AWS_ACCESS_KEY_ID="[redacted]" AWS_SECRET_ACCESS_KEY="[redacted]" helm install mimir grafana/mimir-distributed -f ./mimir.yaml -n lgtm

logs from mimi-alertmanager pod:

ts=2024-07-17T17:54:56.841449751Z caller=main.go:225 level=info msg="Starting application" version="(version=2.13.0, branch=HEAD, revision=4775ec1)"
ts=2024-07-17T17:54:56.856834142Z caller=server.go:352 level=info msg="server listening on addresses" http=[::]:8080 grpc=[::]:9095
ts=2024-07-17T17:54:56.863044087Z caller=modules.go:925 level=info msg="Starting Alertmanager in classic mode"

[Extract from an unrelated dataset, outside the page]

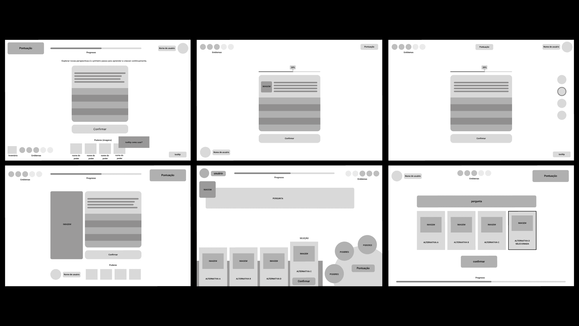 Desenvolvi protótipos testando diferentes abordagens. Fiz modelo de jogo de cartas, tentei formatos mais elaborados, até chegar num quiz com narrativa lúdica que fazia mais sentido para o produto e para o usuário. Trabalhei diretamente com o product manager e o desenvolvedor pra garantir a viabilidade técnica e o alinhamento com o roadmap.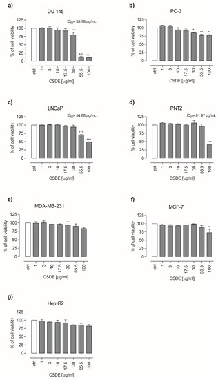 In particular, the results showed that CSDE at concentrations of 30, 55, and 100 µg/mL reduced the viability (IC50 = 35.78 ± 0.029) of DU 145 cells by 20, 87, and 89%, respectively (Figure 1a). At the same concentrations, CSDE diminished the viability of PC-3 cells by 14.9, 22.8, and 23%, respectively (Figure 1b). Furthermore, CSDE at concentrations of 55.5 and 100 µg/mL also diminished the viability (IC50 = 54.88 ± 0.026) of LNCaP cells by 29% and 51%, respectively (Figure 1c). No cytotoxic effect on the viability of PNT2 cells was observed, except at 100 µg/mL where cell viability diminished by 58% (Figure 1d). As far as breast cancer cells are concerned, the extract did not affect the viability of MDA-MB-231 cells (Figure 1e) while CSDE, at the concentration of 100 µg/mL, reduced the viability of MCF-7 cells by 27% (Figure 1f). CSDE, at any concentration tested, did not affect the viability of Hep G2 cells (Figure 1g).

ts=2024-07-17T17:54:56.863059687Z caller=featurecontrol.go:97 level=warn msg="Classic mode enabled"
ts=2024-07-17T17:54:56.86391108Z caller=memberlist_client.go:435 level=info msg="Using memberlist cluster label and node name" cluster_label= node=mimir-alertmanager-0-186c4544
ts=2024-07-17T17:54:56.864773512Z caller=module_service.go:82 level=info msg=starting module=sanity-check
ts=2024-07-17T17:54:56.864778632Z caller=module_service.go:82 level=info msg=starting module=activity-tracker
ts=2024-07-17T17:54:56.864826781Z caller=sanity_check.go:32 level=info msg="Checking directories read/write access"
ts=2024-07-17T17:54:56.865688804Z caller=sanity_check.go:37 level=info msg="Directories read/write access successfully checked"
ts=2024-07-17T17:54:56.865696094Z caller=sanity_check.go:39 level=info msg="Checking object storage config"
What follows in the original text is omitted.